Unconfigured Ad

Collapse
X
 
  • Filter
  • Time
  • Show
Clear All
new posts
  • gandalf886
    Member
    • Feb 2013
    • 11

    htseq-count low count problem

    Hi guys,

    I am looking at some RNA-seq data using DEseq2, before this I need to get a count table for each gene.

    here is what i have done:

    mapped the stranded, paired-end reads to transcriptome using tophat2:
    Code:
    tophat -p 12 -r 60 -o $out --transcriptome-only --no-novel-juncs --no-coverage-search --library-type fr-firststrand --transcriptome-ind
    ex=$known $hg19 lane1.1.repaa_val_1.fq lane1.2.repaa_val_2.fq
    I got about 6.5 million mapped pairs, which is about 50% of the input reads.

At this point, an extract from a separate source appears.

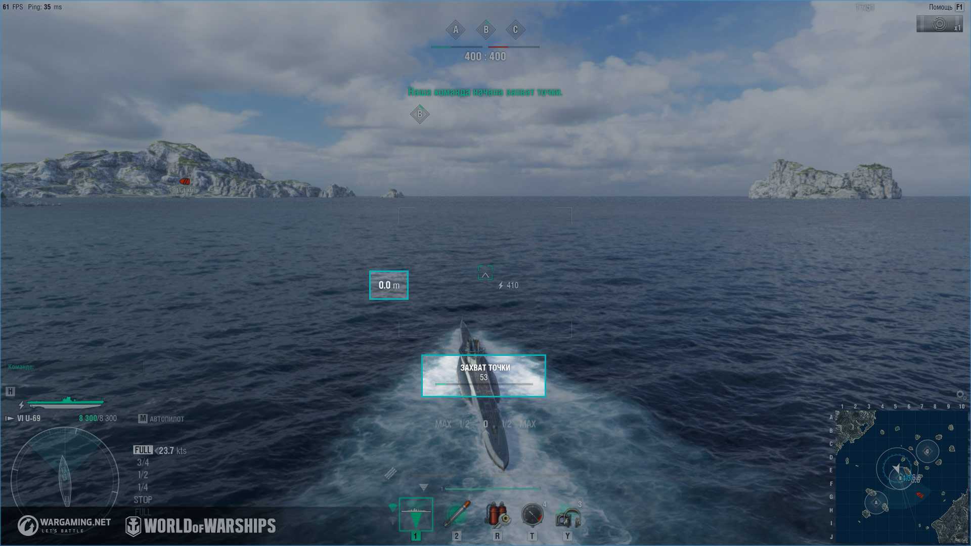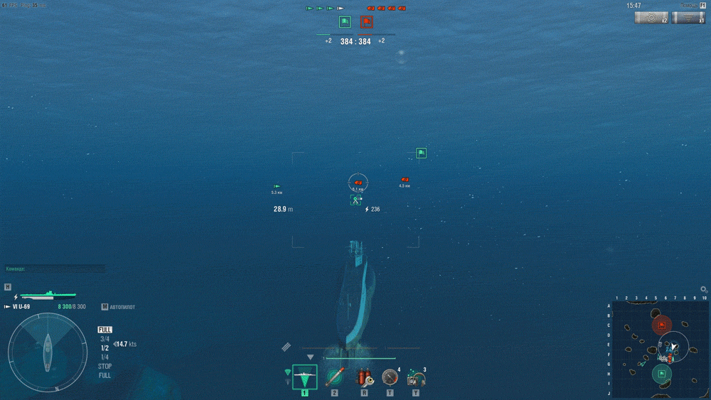 У подводных лодок небольшой запас очков боеспособности, поэтому старайтесь держаться флангов и атаковать противника с дальней дистанции или из-под воды.

    then i took the mapped reads and count them against a gtf table

    Code:
    htseq-count -f bam -r pos -t exon -i gene_id accepted_hits.bam hg19.gtf > accepted_hits.bam.counts
    I got 0.4 million reads counted into the table and the number of no feature reads is about 13 million.

    I tried to sort the bam files using samtools and use -r name option in the htseq-count line but it also didn't work.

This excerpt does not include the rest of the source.